RMA consists of a base policy that maps robot states to actions and an adaptation module that processes a short history of states and actions to produce a latent representation of current terrain or dynamics. The combination is trained end-to-end in simulation and enables the robot to adapt to novel situations in fractions of a second. When deployed zero-shot on the A1 quadruped, the system achieves state-of-the-art performance across rocky, slippery, deformable, and vegetated surfaces in both simulation and real-world tests.

What carries the argument

The adaptation module, which infers a latent vector of environmental changes from recent state-action history and feeds it to the base policy for immediate adjustment.

If this is right

  • The robot adapts its motor commands in fractions of a second to previously unseen conditions.
  • Training requires no reference trajectories or predefined foot trajectory generators.
  • Direct sim-to-real deployment works without any real-world fine-tuning or domain knowledge.
  • State-of-the-art performance holds on both simulated and physical experiments with diverse terrains including stairs, sand, grass, and pebbles.

Where Pith is reading between the lines

These are editorial extensions of the paper, not claims the author makes directly.

  • The same base-plus-adaptation structure could be tested on other robot morphologies if the latent inference generalizes beyond quadrupeds.
  • Performance would likely degrade on conditions that the simulation generator never sampled, pointing to the value of expanding terrain randomization.
  • Pairing the adaptation module with onboard perception could reduce reliance on proprioception alone for even harder unseen environments.

Load-bearing premise

The distribution of terrains and dynamics in the simulation's varied terrain generator is representative enough of real-world conditions that the adaptation module transfers without further training.

What would settle it

Placing the robot on a real surface whose properties fall clearly outside the simulation generator's range, such as an extreme mud or ice patch never approximated in training, and checking whether rapid successful adaptation still occurs.

read the original abstract

Successful real-world deployment of legged robots would require them to adapt in real-time to unseen scenarios like changing terrains, changing payloads, wear and tear. This paper presents Rapid Motor Adaptation (RMA) algorithm to solve this problem of real-time online adaptation in quadruped robots. RMA consists of two components: a base policy and an adaptation module. The combination of these components enables the robot to adapt to novel situations in fractions of a second. RMA is trained completely in simulation without using any domain knowledge like reference trajectories or predefined foot trajectory generators and is deployed on the A1 robot without any fine-tuning. We train RMA on a varied terrain generator using bioenergetics-inspired rewards and deploy it on a variety of difficult terrains including rocky, slippery, deformable surfaces in environments with grass, long vegetation, concrete, pebbles, stairs, sand, etc. RMA shows state-of-the-art performance across diverse real-world as well as simulation experiments. Video results at https://ashish-kmr.github.io/rma-legged-robots/

Editorial analysis

A structured set of objections, weighed in public.
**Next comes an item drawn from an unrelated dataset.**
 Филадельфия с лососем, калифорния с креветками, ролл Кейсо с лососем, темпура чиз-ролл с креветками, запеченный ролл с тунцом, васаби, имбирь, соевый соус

Desk editor's note, referee report, simulated authors' rebuttal, and a circularity audit. Tearing a paper down is the easy half of reading it; the pith above is the substance, this is the friction.

Referee Report

2 major / 2 minor

Summary. The paper presents Rapid Motor Adaptation (RMA) for quadruped robots, consisting of a base policy and an adaptation module. RMA is trained entirely in simulation using a varied terrain generator and bioenergetics-inspired rewards, with no reference trajectories or foot-trajectory generators. The central claim is zero-shot real-world deployment on the Unitree A1 robot, enabling adaptation to novel terrains (rocky, slippery, deformable, grass, sand, stairs) in fractions of a second and achieving state-of-the-art performance across simulation and real-world experiments.
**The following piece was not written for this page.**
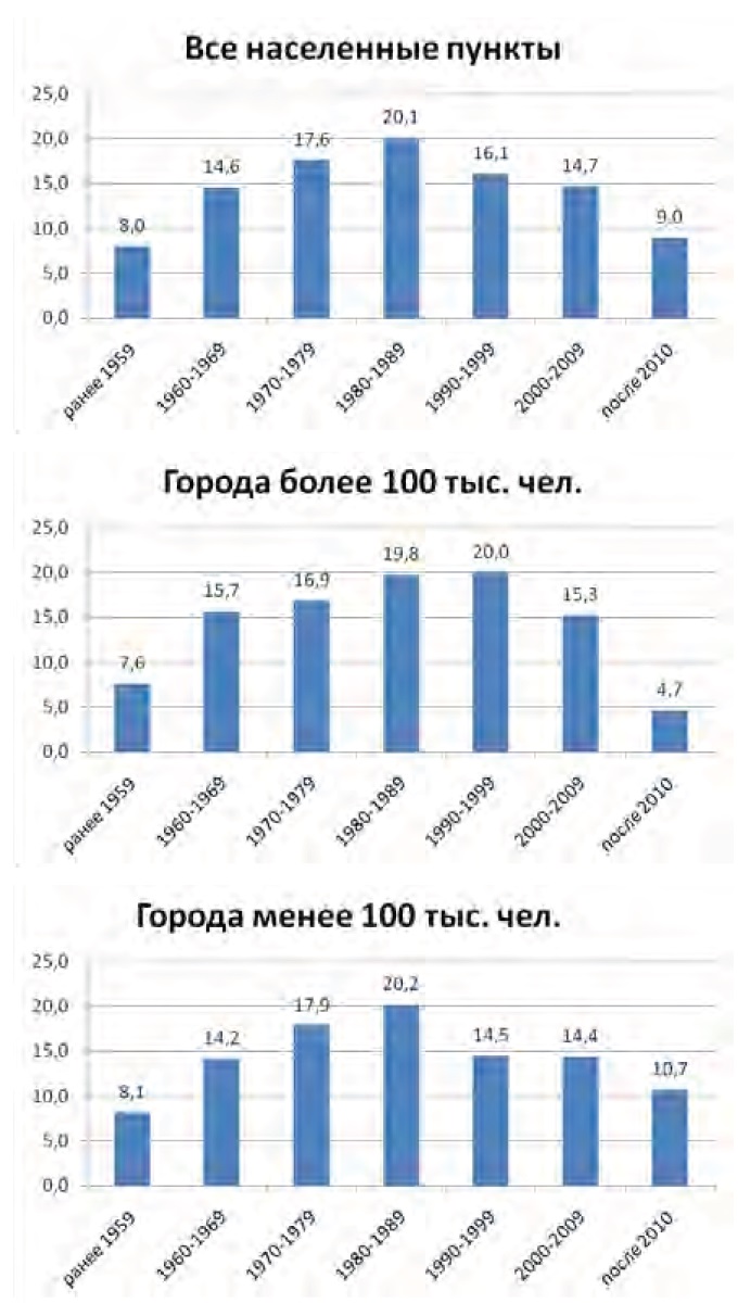 Анализ данных табл. 2 показывает, что даже в населенных пунктах с числом жителей до 100 тыс. чел. трубы из разных материалов применяются крайне неравномерно. В них имеются водопроводные сети, выполненные только из одного типа труб на 90–100 %. Это объясняется разными причинами. В малых населенных пунктах числом жителей до 10 тыс. чел. водопроводные сети строились разом на всей территории за относительно небольшой промежуток времени и в дальнейшем практически не подвергались ни расширению, ни реконструкции. В городах, расположенных на севере страны или в районах с высокой сейсмичностью, водопроводные сети представлены исключительно стальными трубами. При этом в Вологодской, Ивановской областях, в Республике Татарстан тоже есть города, в которых доля стальных труб достигает 85–90 %. В крупных населенных пунктах присутствуют трубы из всех материалов.

Significance. If the adaptation module generalizes as claimed, the result would be significant for legged-robot control: it demonstrates practical, real-time online adaptation to changing dynamics and payloads without fine-tuning or domain-specific knowledge. The empirical focus on diverse real-world surfaces and the use of bioenergetics-inspired rewards are strengths that could influence future sim-to-real pipelines.

major comments (2)
  1. [§3.2 and §4] §3.2 (Varied Terrain Generator) and §4 (Experiments): the zero-shot generalization claim requires that the distribution of simulated terrains and dynamics overlaps with real-world test conditions (friction, compliance, contact parameters). No quantitative overlap metric, parameter sensitivity sweep, or out-of-distribution detection result is reported; without this, it is impossible to rule out that successful real-robot trials reflect post-hoc terrain selection rather than true rapid adaptation.
  2. [§4.2] §4.2 (Real-world results): the reported adaptation time of 'fractions of a second' is central to the contribution, yet the manuscript provides no latency breakdown (encoder inference + policy execution) or ablation showing that the adaptation module, rather than the base policy alone, is responsible for the observed robustness on slippery and deformable surfaces.
minor comments (2)
  1. [§3.1] The reward function definition in §3.1 uses several bioenergetics-inspired terms whose relative weighting is stated but not justified by an ablation; a short sensitivity table would improve reproducibility.
  2. [Figure 3] Figure 3 (real-robot snapshots) would benefit from explicit labeling of terrain type and quantitative metrics (e.g., success rate, traversal time) directly on the figure or in an accompanying table.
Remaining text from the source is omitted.